The wordy Humanitarian Networks and Partnerships Week(s) conference wrapped three days of in-person meetings and panels last week, set against the backdrop of the unfolding crises in the Middle East and stark budget cuts.
HNPW is part science fair, part trade show, and – in the rubble of last year’s budget destruction – part makeshift summit for a shrinking international humanitarian system. A few recurrent themes cutting across nearly 300 (!) sessions: navigating the consequences of the so-called “humanitarian reset” led by UN relief chief Tom Fletcher, “hyper-prioritised” responses and who they leave behind, local humanitarian leadership, money and power, safety and trust, AI and emerging risks.
Across achingly polite panels, you can see different visions of humanitarianism inching apart in real time. Down one fork of the road: the conventional international aid sector (or “the Fletcher-led system”, as one attendee labelled it) – slimmer, but still commanding billions in increasingly inflexible funding from a slate of increasingly political donor governments. On another path: visions of alternate humanitarianisms often name-checked but never fully embraced by the conventional system – civil society and local leadership, participatory decision-making, community responses and mutual aid.

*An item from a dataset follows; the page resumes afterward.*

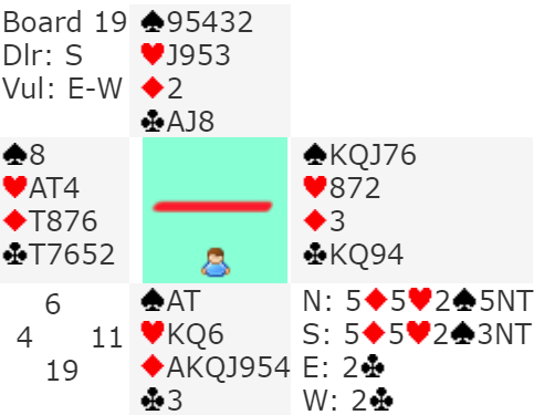 Det var ett par til som vant slem, de spilte 6 ruter som også kan betes. Det er kanskje enklere å bete den slemmen. Det vest må gjøre er å spille ut kløver og så etter at spillefører har trumfet ut lasjere to ganger med hjerter ess. Spillefører har ingen overgang til den fjerde hjerteren og ender opp med 1+2+7+1 = 11 stikk.

Ripples in the pool: You see signs of this tension in the brewing hubbub over the country-based pooled funds (CBPFs) run by the UN’s humanitarian coordination arm, OCHA. Fletcher has touted these collective donor funding buckets as a lever for locally driven aid – they were dishing a growing share of cash to local groups. But new US funding allocations from that $2 billion announced in late December appear to be destined almost entirely for big agencies, several sources told us.
- Excluded: From funds in Haiti and Myanmar to Ethiopia, South Sudan, and elsewhere, several humanitarians say early allocations are mostly earmarked for UN agencies like the World Food Programme or UNICEF, or for big international NGOs. “We have been excluded,” said a member of a civil society network in Myanmar, who is familiar with the pooled fund discussions in their country. Another described an allocation for a CBPF in another country where funding for local groups amounted to 3.75%. “It’s pretty appalling,” they said. Some said there’s minimal discussion for country-level advisory boards meant to input on how funding is divided. Others told us the proposals are discussed, but are seen as more or less preordained.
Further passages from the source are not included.